Non-FAU Project
Start date : 08.04.2024
In the text linguistic tradition, registers are culturally recognized varieties of texts, associated with the communicative situation of use (emails, textbooks, conversations, etc.). The situation of use in turn calls for particular linguistic characteristics. Linguistic features frequent in a register are thus not arbitrary but are a direct response to the situation of this register and perform communicative functions necessitated by the situation (Biber & Conrad, 2019). At the same time, the texts of any given register are not homogenous in their linguistic or situational characteristics (e.g., Biber et al., 2020; Egbert & Gracheva, 2023; Wood, 2023; Goulart, 2024): As the situations in which texts of a register are created vary, so do the linguistic features that are frequent in those texts. (Biber & Egbert, 2023).
These functional links between situation and language raise new questions about registers’ evolution as cultural constructs.

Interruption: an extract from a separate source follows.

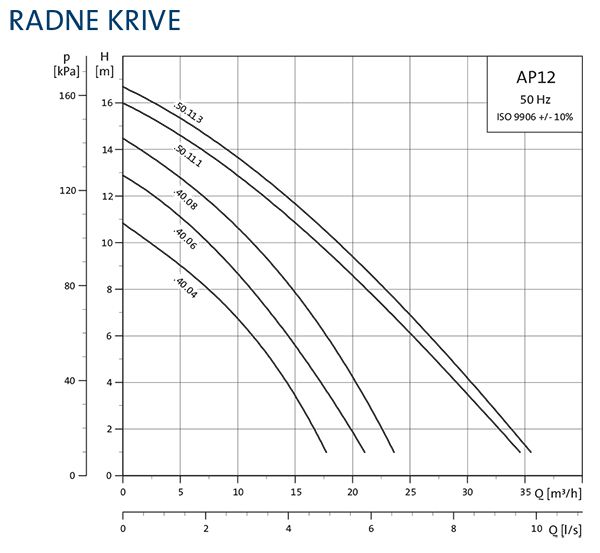Broj u oznaci tipa, npr. AP12, ukazuje na veličinu oblih čestica koje mogu proći kroz pumpu.

First, as communicative situations evolve, language must reflect language users’ adaptations to the new situations of use. Second, varying degrees of register-internal variability at different points of registers’ existence could reflect language users’ degrees of convergence (or lack thereof) on certain communicative and linguistic register norms.
This study begins investigating these questions focusing on blogs—a relatively new register but characterized by a rapidly evolving technological landscape (Miller & Shepherd, 2004, 2009) and whose full life cycle is available for scientific study—from its inception in the late 90s to the present day (corpus under analysis: Ntexts = 2,452; Ntokens = ~4,000,000; source: Blogspot.com; years: 1999–2023, approx. 100 texts/year). We address the following research questions (RQ):
1. What linguistic features of blogs have become more or less frequent over time?

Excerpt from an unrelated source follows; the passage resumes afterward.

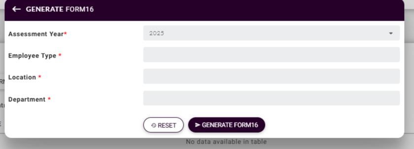 Tax and Statutory Compliances → Compliance Forms → Generate Form 16.

2. How does the linguistic stability of blogs—the degree of variation in the linguistic characteristics—change over time?
To address RQ 1, we compute rates of occurrence for a wide range of lexico-grammatical features in each text (the corpus is tagged for 150 linguistic features with an updated version of the Biber tagger; Biber, 1988) and employ corresponding feature analysis (Egbert, 2024) to examine correlations between rates of occurrence of linguistic features and text dates. The analysis revealed that features associated with oral/interactive communication and clausal elaboration (e.g., pronominal references, various verb types) have increased over time, while features of information density (e.g., nouns) and abstractedness (e.g., passive constructions) have decreased. Blogs have also become increasingly present-oriented, and features of narrativity (e.g., past tense) have shown a downward trend.
In response to RQ 2, we present analyses of coefficients of variation (Segalowitz & Segalowitz, 1993) as a way of examining linguistic stability and show that variation in the majority of blog features has decreased, pointing to an increased stability in the linguistic norms of the register.